Dynamic Programming Paragraph Formatting
This code uses a dynamic programming algorithm to quickly and efficiently format a paragraph of text such that it minimizes the total amount of white space at the ends of the lines. This "penalty" is the difference between the number of characters on a line and the character limit specified by the user. No line will ever exceed the character limit, and any extra space on the last line is not included in the penalty count.

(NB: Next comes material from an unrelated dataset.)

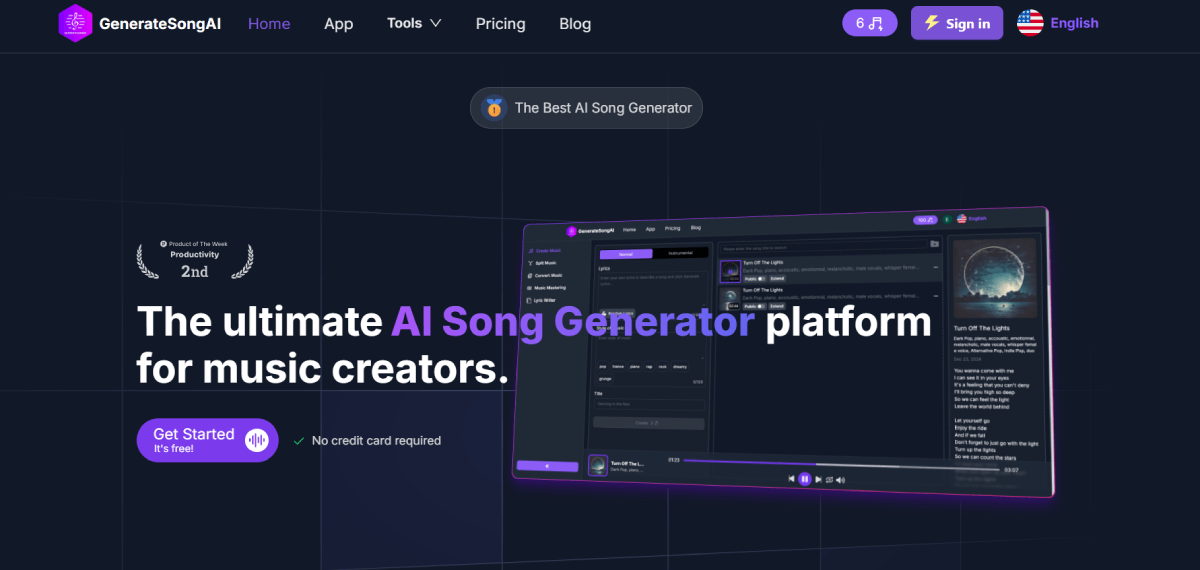 PaidGenerate Song AI allows you to effortlessly create high-quality songs using artificial intelligence. This tool transforms text prompts, lyrics, or voice recordings into full music tracks spanning different genres. Whether you're a novice or an experienced music producer, Generate Song AI simplifies the music-making process with its user-friendly features. Plus, it provides royalty-free outputs, making it convenient for various projects.

To run the code, download the files into a directory and run:
python paragraph.py [INPUT FILE (.txt)] [CHARACTER LIMIT (INT)]
This will print to the terminal an aesthetically formatted paragraph, and will also print out the total penalty across all lines. You can use any input text file you choose, but I've included a sample here for you as well (a personal favorite, Robin Williams's monologue from Good Will Hunting).
The code works by using a dynamic lookup table to determine the best way to pack words onto a given line whereby by the sum of the penalties on the remaining lines is minimized.
Since our recursion takes only one variable, our lookup table is an array of length n, for which each index i will correspond to the minimum penalty of packing i + 1 words into a paragraph (“i + 1” because we go from 1 to n instead of from 0 to n − 1). We initialize all elements to infinity, so that our minimums will never be interrupted by an existing start value. Our base cases involve the words that could be on the last line, which receive no penalty:
For all words l_b such that the sum of the words from l_b to the end is less than M, we initialize the f[n − b] to be 0. This ensures that any words that could end up on the last line carry no penalty, and if we arrive at a 0 element in our recursion we know we’ve gotten to the end.
Now we have an array of length n where the first b indices, where b is the number of words that could be on the last line, are initialized to 0. Now we can build up the array using the recursive equation described above, filling each element with the minimum penalty of packing that many words into paragraph form, and building all the way until the end, where we find our desired penalty. If we wanted to actually print the words, we could simply create another array to store the j values at each stage, and trace the proper path through that array to reconstruct the number of words on each line, and print them as such. This is what my Python file does.